*Provided data:*
%%
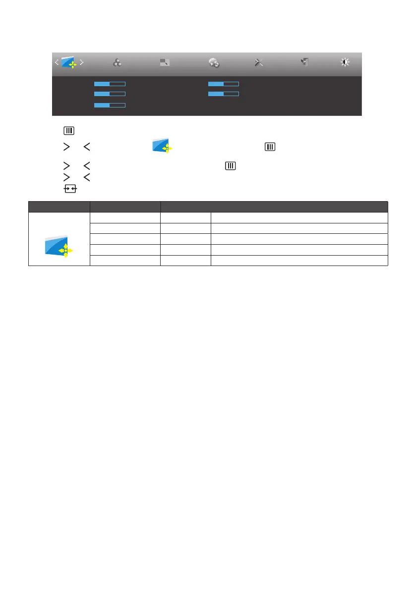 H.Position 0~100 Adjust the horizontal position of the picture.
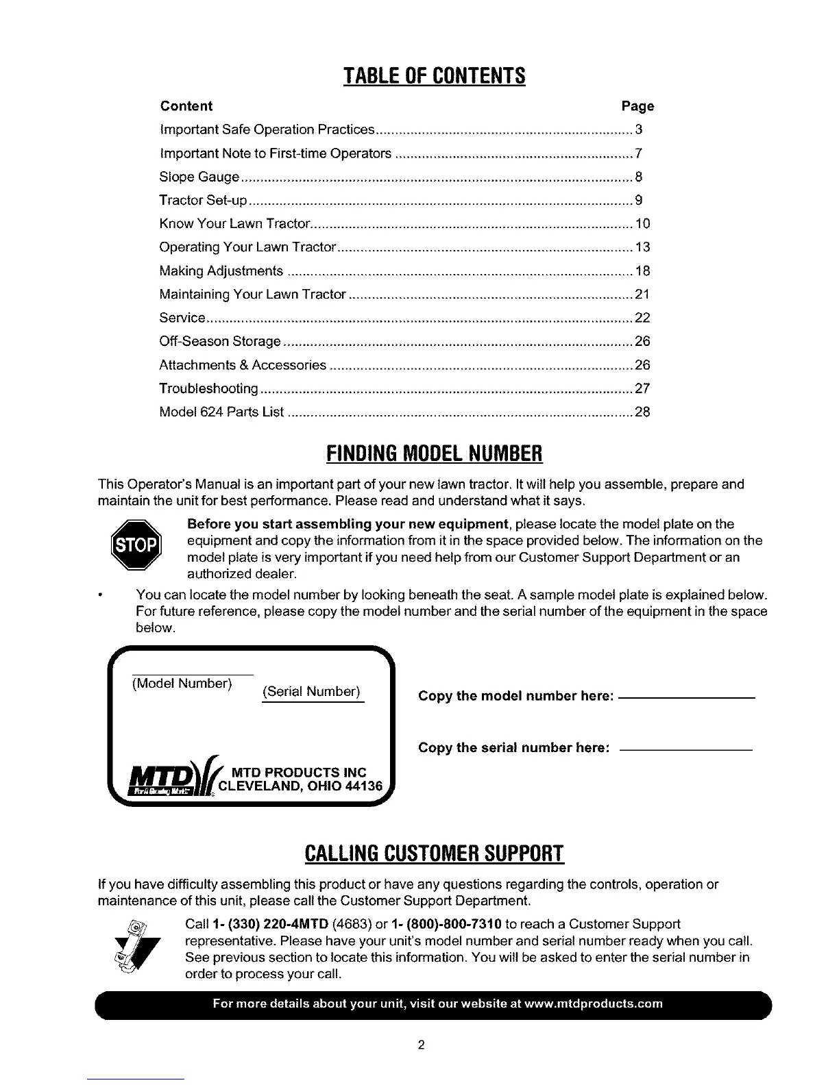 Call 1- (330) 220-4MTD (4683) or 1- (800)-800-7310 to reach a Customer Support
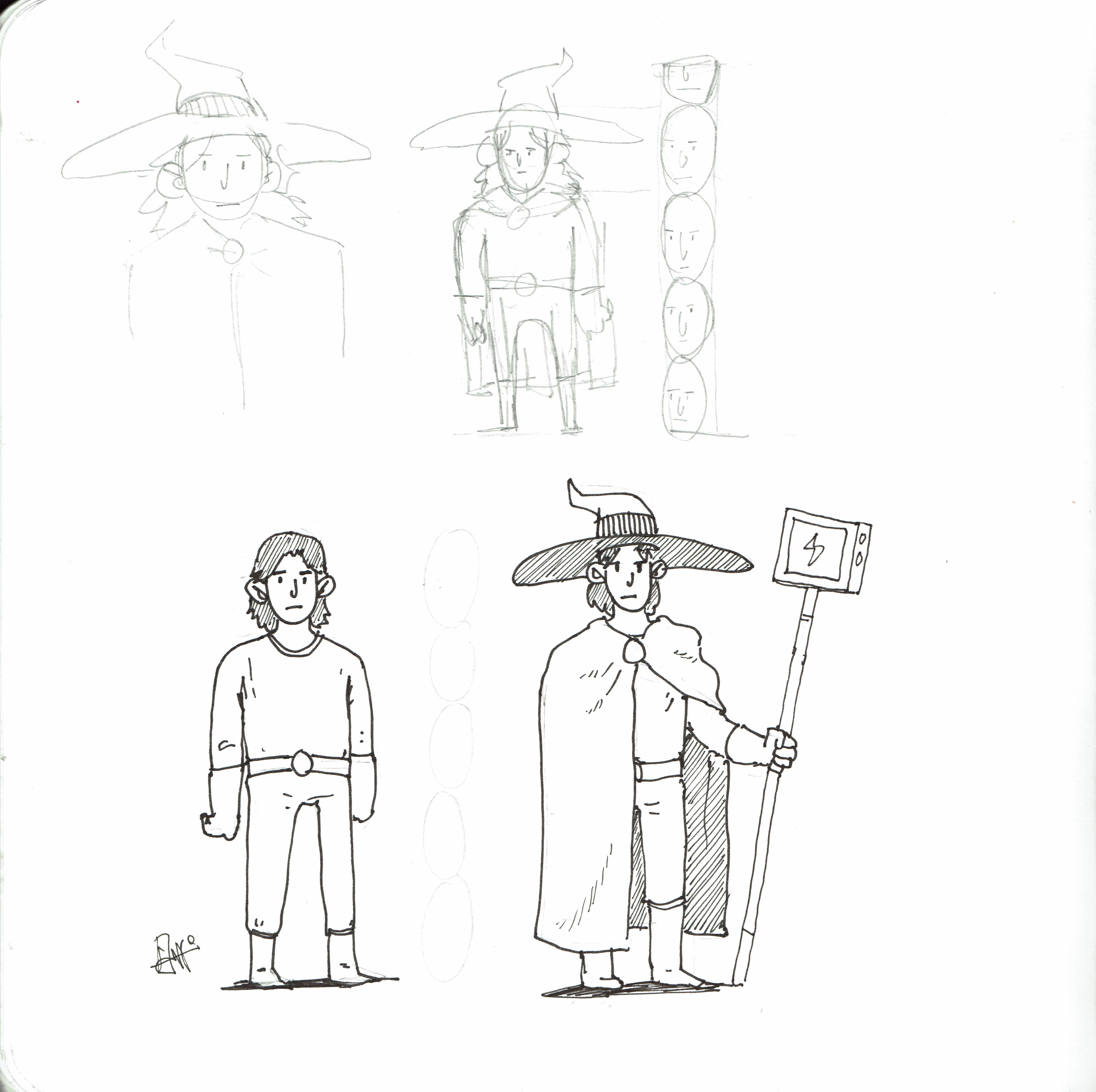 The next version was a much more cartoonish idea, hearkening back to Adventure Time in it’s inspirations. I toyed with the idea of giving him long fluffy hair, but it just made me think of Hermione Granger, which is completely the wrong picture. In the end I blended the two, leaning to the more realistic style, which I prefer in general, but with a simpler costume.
%%
*Exercise goal:* Give back all of the data exactly, but not the pictures.

*Task answer:*
 H.Position 0~100 Adjust the horizontal position of the picture.
 Call 1- (330) 220-4MTD (4683) or 1- (800)-800-7310 to reach a Customer Support
 The next version was a much more cartoonish idea, hearkening back to Adventure Time in it’s inspirations. I toyed with the idea of giving him long fluffy hair, but it just made me think of Hermione Granger, which is completely the wrong picture. In the end I blended the two, leaning to the more realistic style, which I prefer in general, but with a simpler costume.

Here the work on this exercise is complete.